Imagine a very, very large corn field. Think about a field the size of a large city, or perhaps a factor of ten bigger than that. Now consider how you would harvest the ripe corn in that field.
Plan A: Get a single harvesting machine and start methodically chewing through the corn, strip by strip.
Plan B: Get many, many harvesting machines and get them methodically chewing through strips of corn in parallel with each other.
Plan A, I think you will agree, demonstrates about as much higher order intelligence as a single ear of corn in that field. Plan B is obviously the way to go. Why? Because from a harvesting point of view, one strip of corn in one part of the field, is utterly unrelated to any another. Thus the harvesting can happen in parallel. Blindingly obvious right?
Parallelizing the work has other benefits apart from throughput. We can use cheap and cheerful machines to do the work rather than a very expensive uber-machine. Who cares if the individual cheap machines break down? We just replace the ones that fail and forge on. The chances of corn production stopping completely because of hardware failure are basically infinitesimally small. What are the chances of hundreds, perhaps thousands of independent machines all failing at the same time? Effectively zero.
In IT terminology, the harvesting system exhibits high availability, fault tolerance and a linear scaling relationship between throughput and processing power. Nice.
Now lets switch from corn to, say, customers in our reveries. Imagine a very large set of customers. We need to look at what they have bought from us in the last month and generate invoices, one for each customer.
Plan A: Get a single invoice processing "machine". Start at one corner of the customer list and work methodically through to the end.
Plan B: Get many, many invoice processing machines and get them methodically chewing through strips of customers in parallel.
From a common sense perspective, Plan B is just as compelling as it is in the corn harvesting example. However, by and large, enterprise computing does not work that way. We go for Plan A most of the time. Bigger, faster, more expensive individual machines to do processing of tasks that could be done faster and cheaper with multiple machines processing in parallel.
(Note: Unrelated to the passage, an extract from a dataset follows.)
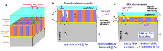 Figure 1. 1-3 epoxy-filled lead zirconate titanate (PZT) piezocomposite transceiver: (a) general view; (b) structure for the conventional thickness resonance mode; (c) structure for the novel Surface Acoustic Wave (SAW) resonance mode on backing of the same operation frequency.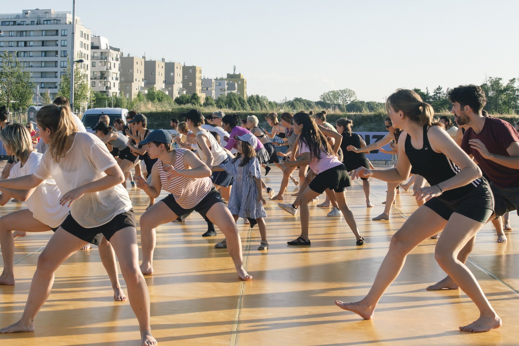 Auf noch nicht bebautem Gebiet entstehen immer wieder Bühnen für Events und Performances.

In fact, Plan B is even more compelling in computing than it is in harvesting corn. The unit cost of processing machines continues to fall through the floor. So much so that a large Web search engine provider - who makes extensive use of parallelism - does not even replace individual processing machines when they break down. Why? Because the cost of dispatching an engineer to replace it is higher than the cost of just tacking a new one on the end of the processing rack. This is a pretty radical shift in the economics of computing.
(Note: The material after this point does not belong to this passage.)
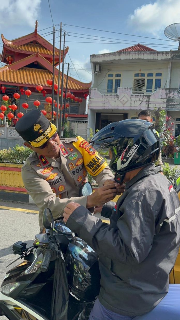 WartaPublik.com, PANGKALPINANG — Wakil Kepala Kepolisian Daerah (Wakapolda) Kepulauan Bangka Belitung, Brigjen Pol Murry Miranda, S.I.K., M.H., memimpin langsung Operasi Keselamatan Menumbing 2026 dengan membagikan helm kepada para pengguna jalan serta mengimbau masyarakat untuk tertib berlalu lintas, Selasa (10/2/2026).

What an embarrassment of computing power riches surrounds us! Yet, by and large, in enterprise computing, we do the equivalent of heading off into a corner of the corn field with a single machine, working through our data strip by strip. If we were engineers in the agricultural sector we would be laughed at. Seriously.
Two questions arise I guess. Firstly, why do we gravitate towards plan A in enterprise computing and secondly, what should be done about it?
I think the first question is best answered by saying that we do it, the way we do it, because we have *always* done it that way. Ever since Jon von Neumann's brilliant insights into general purpose processing machines, we have been building mental models of processing around the idea of a single, all powerful CPU (the 'C' stands for 'Central' after all). The so-called Von Neumann architecture is endemic in the way we think about systems.
It is a curse of sorts. The easiest way to see it in action is to ask a developer how long it will take to process a million invoices if each invoice takes 10 seconds of processing time. After some calculation the answer will be that it will take about one full day. Without even thinking about it, most developers will serialize the invoice processing and assume that everything will be routed through a single processor, which will chew through invoices at the rate of one every 10 seconds.
The answer to the second question doubles as a rallying cry. There is a ton of lore about parallel computing out there. There are real systems such as Beowulf Clusters in the Linux world that show the power of massive parallelism. There is the Grid Forum which is emerging as a focal point for activity in parallel computing technologies.
Now here is the rallying cry. A lot of the interest in massive parallelism comes from scientists interested in fluid dynamics, N-Body problems, quantum chemistry and the like. All really important stuff but where are the commercial IT people? The benefits for enterprise computing of parallel computing are enormous, not only in terms of availability of computational power but also in terms of cutting costs, availing of computational power on demand and so on.
I think part of the problem is that there are many commercial IT problems which, in parallel computing terminology are 'trivially parallelizable' and thus not a source of scientific interest. It is true that finding a way to distribute the calculation of Nth degree polynomials on a grid is a lot harder than distributing invoice generation on a grid. The latter is an example of a problem that is amenable to what is known as 'domain decomposition'. Simply put, the problem is like a large corn field, it is trivial to perform the work in parallel. The more machines the better.
It seems to me that enterprise IT people need to start wrapping their heads around this stuff. In the million invoice processing example, given a grid with a million nodes that you can tap in to, you could process all your invoices in 10 seconds. Let's double - no treble - that figure to take account of bandwidth and data transmission. 30 seconds plays 24 hours. Nice.
I think it's time to take a long hard look at Plan B.